(Dataset extract begins)
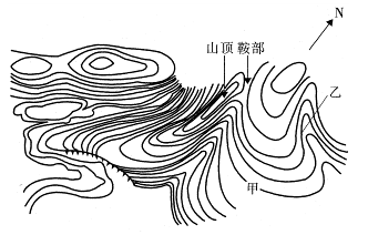 2、单选题 下图为北半球某地局部等高线地形示意图,甲处海拔800米,植被属常绿硬叶林,等高距为50米。读图完成下列各题。
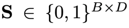 - output shape : batch * feature 개수 (일부 칼럼 0으로 masking) $M[1] = R^{B\times D}$
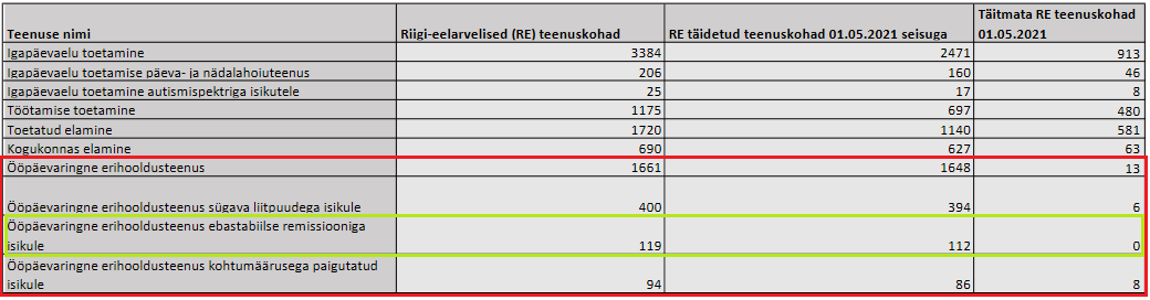 Tabel on võimas, aga kui noppida sealt välja erihoolekande teenuse osutajad ja erihoolekande patsientide/hoolealuste kohtade arv, siis läheb kõvasti nukramaks.
(Dataset extract ends)
Action item: Pictures excluded, copy exactly the lines running from the one with "- output shape" through the last line of the material.

Reply:
 - output shape : batch * feature 개수 (일부 칼럼 0으로 masking) $M[1] = R^{B\times D}$
 Tabel on võimas, aga kui noppida sealt välja erihoolekande teenuse osutajad ja erihoolekande patsientide/hoolealuste kohtade arv, siis läheb kõvasti nukramaks.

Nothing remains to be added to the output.